What is osteoporosis?

Osteoporosis means porous bones. Bones affected by osteoporosis are less dense than normal bones. They are also more likely to break, even as a result of a minor bump or fall, or even without an injury.

It is around four times more common in women than men, and most common in women who have been through the menopause. About three million people in the UK are affected - one in three women and one in 12 men over the age of 50.

The inside of a bone consists of a strong mesh made of protein and minerals (particularly calcium). This mesh is living tissue that is constantly being renewed by a process called bone turnover. Old, worn out bone is broken down and absorbed by the body while, at the same time, new bone tissue is created from fresh protein and minerals.

how is bone structured ?

In children and young people, more new bone is created than is broken down. This makes bones bigger and more dense.

The bones are at their strongest when the peak bone mass is reached, and this usually occurs in a person's mid-twenties. Peak bone mass is then maintained for about ten years, with roughly equal amounts of bone creation and breakdown. After the age of about 35, bone loss begins to overtake creation as part of the normal aging process. With osteoporosis, the process happens much more quickly, leading to premature bone weakness.

As well as bones, such as the wrist or hip, breaking more easily than usual, osteoporosis can result in small fractures of the bones in the spine. This can cause a curved back and a loss of height.

are Low levels of oestrogena risk factor ?

The female hormone oestrogen reduces the amount of bone that is broken down and so helps to protect against osteoporosis. In women, the ovaries make oestrogen from puberty to the menopause. Any condition that reduces the number of years that a woman produces oestrogen tends to increase the risk of osteoporosis. These risks include:

  • having an early menopause (before the age of 45),
  • an early hysterectomy (before the age of 45, especially if both ovaries are removed),
  • missing periods for six months or more as a result of over-exercising or over-dieting (especially due to anorexia). CLICK HERE TO PURCHASE TEST

can men get osteoporosis ?

Men who have low levels of the male hormone, testosterone, are also at a higher risk of osteoporosis.

what are Other risk factors ?

For both men and women, the following factors also increase the risk of developing osteoporosis:

  • long-term use of corticosteroid tablets (medicines sometimes used for conditions such as severe allergies),
  • a family history of broken hips,
  • digestive disorders that affect absorption of nutrients, such as Crohn's disease or ulcerative colitis,
  • long-term immobility,
  • heavy drinking or smoking,
  • very low body weight.

what are the Symptoms of osteoporosis ?

Osteoporosis has been called the "silent disease". Most people affected are unaware that their bones are thinning until they experience a break, or notice more gradual signs such as height loss, or curvature of the spine (sometimes known as "dowager's hump").
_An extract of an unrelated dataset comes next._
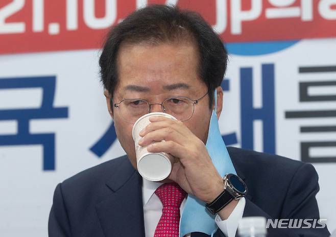 [서울=뉴시스] 국회사진기자단 = 홍준표 국민의힘 대선 경선 후보가 17일 오전 서울 여의도 홍준표 의원 사무실에서 열린 최 전 원장 영입 행사에서 물을 마시고 있다. 2021.10.17. photo@newsis.com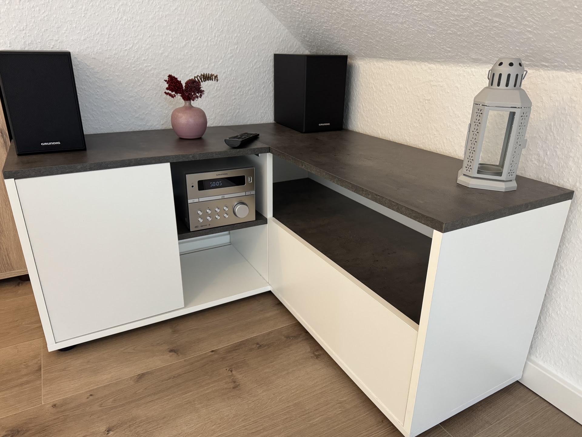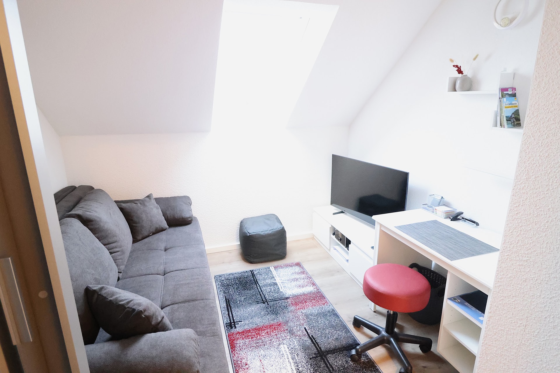 Große Couchlandschaft und Schlafsofa, Smart -TV 4K (55 Zoll) SAT, HiFi-Anlage + CD, Couchtisch, Großes Dachfenster mit Jalousie.

The bones most likely to break as a result of osteoporosis are the hip, wrist and the vertebrae of the spine. CLICK HERE TO PURCHASE TEST

how can osteoporosis be Prevented ?

People who reach a high peak bone density when they are young are less likely to develop osteoporosis. Bone density can be boosted by a healthy diet and regular exercise, particularly in people under 35. This means prevention needs to begin at a young age.

can diet help ?

A varied, well-balanced diet is important to build and maintain healthy bones. A combination of bread and cereals, fruit and vegetables, milk and diary products, and protein (from meat, fish, eggs, pulses, nuts and seeds) should provide the nutrients that your body needs.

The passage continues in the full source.